Exercise input:
☆ ☆ ☆ ☆ ☆
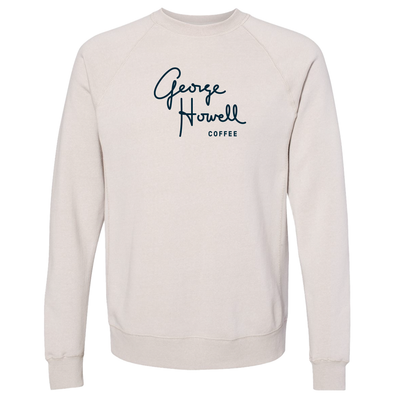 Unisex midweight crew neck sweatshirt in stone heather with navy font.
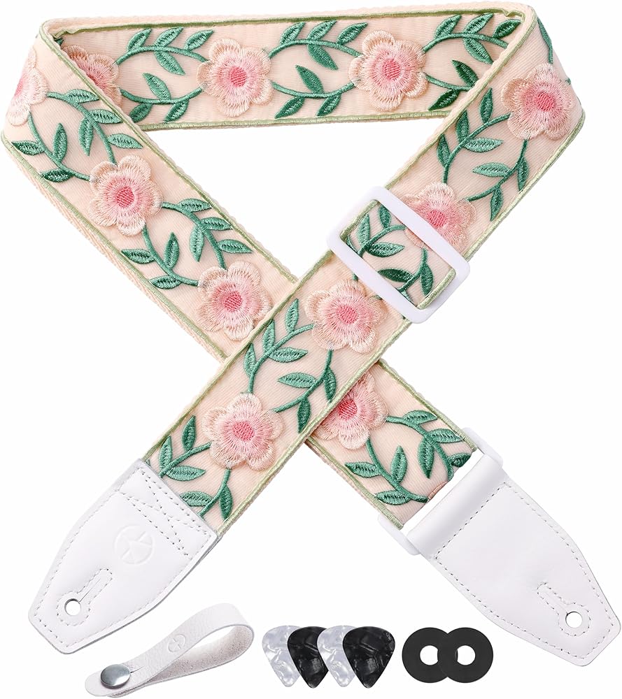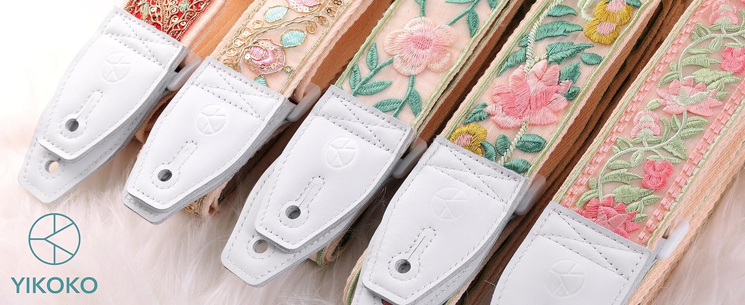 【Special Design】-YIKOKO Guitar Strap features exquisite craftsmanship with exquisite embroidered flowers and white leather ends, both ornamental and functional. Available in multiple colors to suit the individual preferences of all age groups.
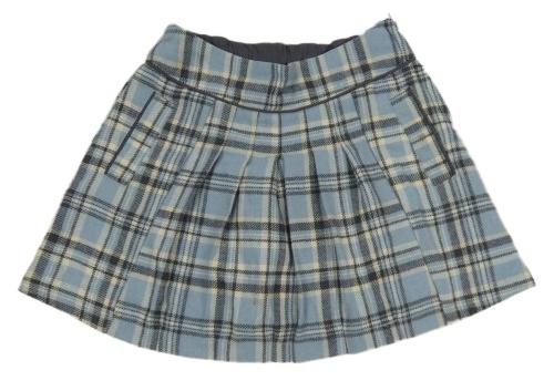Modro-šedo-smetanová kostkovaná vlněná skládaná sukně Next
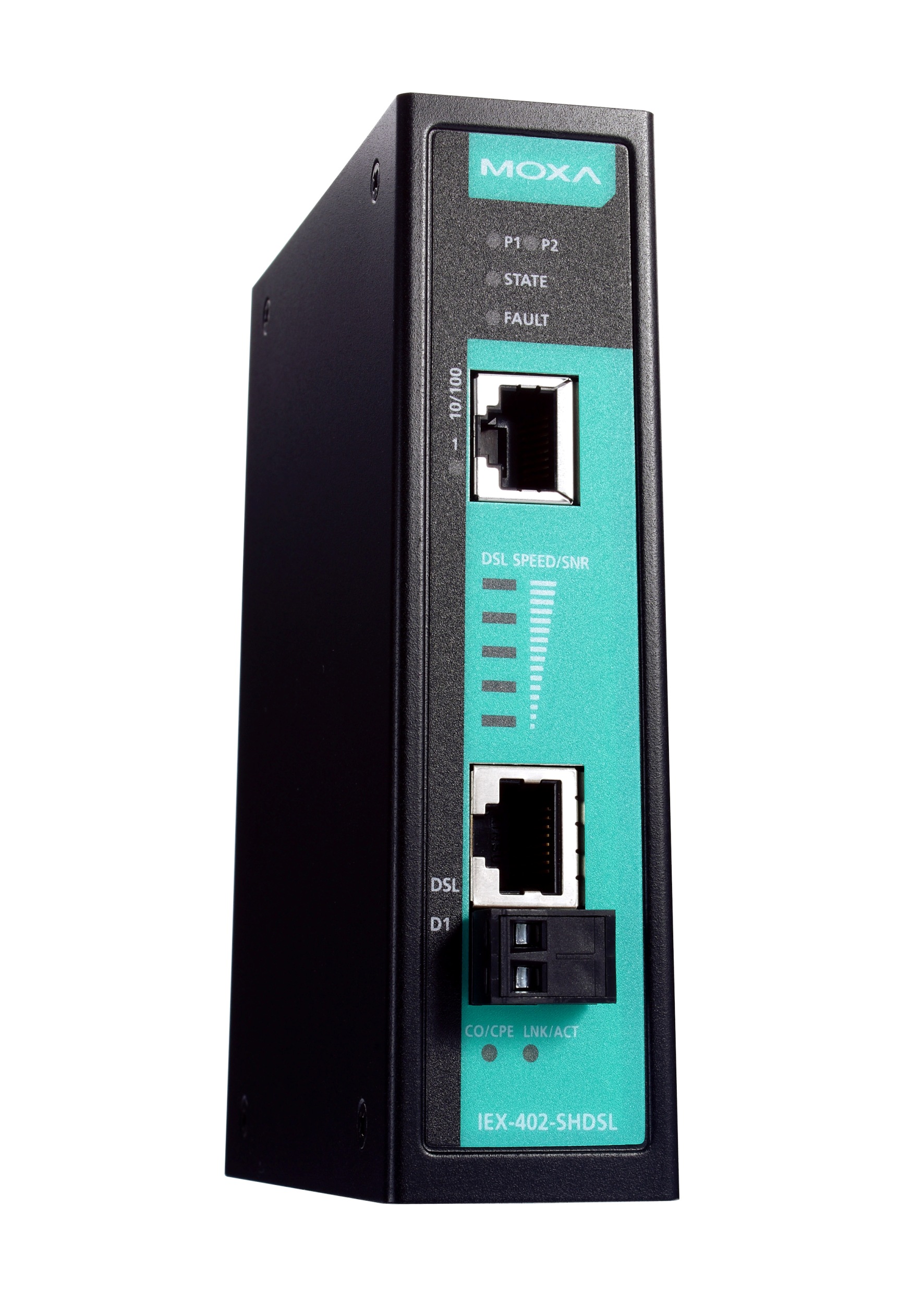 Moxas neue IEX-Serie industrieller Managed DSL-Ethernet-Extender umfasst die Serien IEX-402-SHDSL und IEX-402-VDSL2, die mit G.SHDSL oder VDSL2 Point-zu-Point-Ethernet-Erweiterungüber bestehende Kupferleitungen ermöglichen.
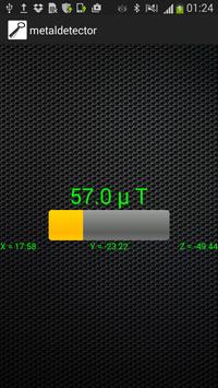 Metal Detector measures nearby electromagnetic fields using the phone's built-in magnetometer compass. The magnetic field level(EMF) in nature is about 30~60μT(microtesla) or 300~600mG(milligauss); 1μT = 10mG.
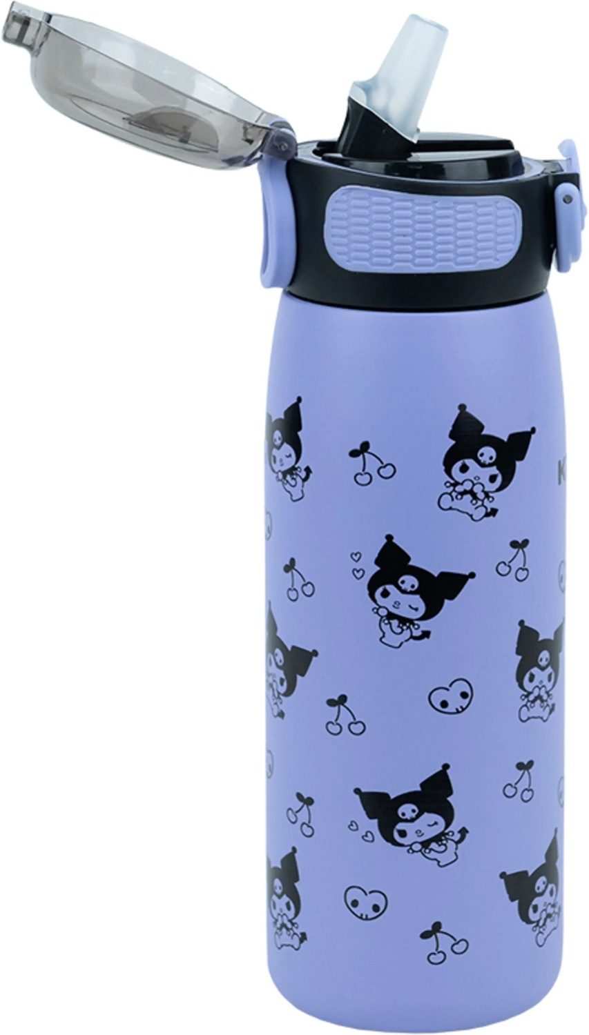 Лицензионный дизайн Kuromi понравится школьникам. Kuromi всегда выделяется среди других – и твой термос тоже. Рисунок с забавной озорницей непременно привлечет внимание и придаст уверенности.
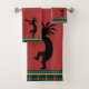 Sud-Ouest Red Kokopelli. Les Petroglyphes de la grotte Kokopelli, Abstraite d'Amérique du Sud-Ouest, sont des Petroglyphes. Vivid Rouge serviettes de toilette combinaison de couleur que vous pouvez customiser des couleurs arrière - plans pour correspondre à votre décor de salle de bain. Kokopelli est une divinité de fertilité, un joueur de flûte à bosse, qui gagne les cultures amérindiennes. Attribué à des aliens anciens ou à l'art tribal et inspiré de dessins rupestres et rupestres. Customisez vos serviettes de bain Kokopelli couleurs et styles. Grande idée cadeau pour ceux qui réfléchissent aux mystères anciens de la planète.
☆ ☆ ☆ ☆ ☆
In the data above, the line containing "Moxas neue IEX-Serie" and all lines after it are to be reproduced exactly, leaving out the pictures.

 Moxas neue IEX-Serie industrieller Managed DSL-Ethernet-Extender umfasst die Serien IEX-402-SHDSL und IEX-402-VDSL2, die mit G.SHDSL oder VDSL2 Point-zu-Point-Ethernet-Erweiterungüber bestehende Kupferleitungen ermöglichen.
 Metal Detector measures nearby electromagnetic fields using the phone's built-in magnetometer compass. The magnetic field level(EMF) in nature is about 30~60μT(microtesla) or 300~600mG(milligauss); 1μT = 10mG.
 Лицензионный дизайн Kuromi понравится школьникам. Kuromi всегда выделяется среди других – и твой термос тоже. Рисунок с забавной озорницей непременно привлечет внимание и придаст уверенности.
 Sud-Ouest Red Kokopelli. Les Petroglyphes de la grotte Kokopelli, Abstraite d'Amérique du Sud-Ouest, sont des Petroglyphes. Vivid Rouge serviettes de toilette combinaison de couleur que vous pouvez customiser des couleurs arrière - plans pour correspondre à votre décor de salle de bain. Kokopelli est une divinité de fertilité, un joueur de flûte à bosse, qui gagne les cultures amérindiennes. Attribué à des aliens anciens ou à l'art tribal et inspiré de dessins rupestres et rupestres. Customisez vos serviettes de bain Kokopelli couleurs et styles. Grande idée cadeau pour ceux qui réfléchissent aux mystères anciens de la planète.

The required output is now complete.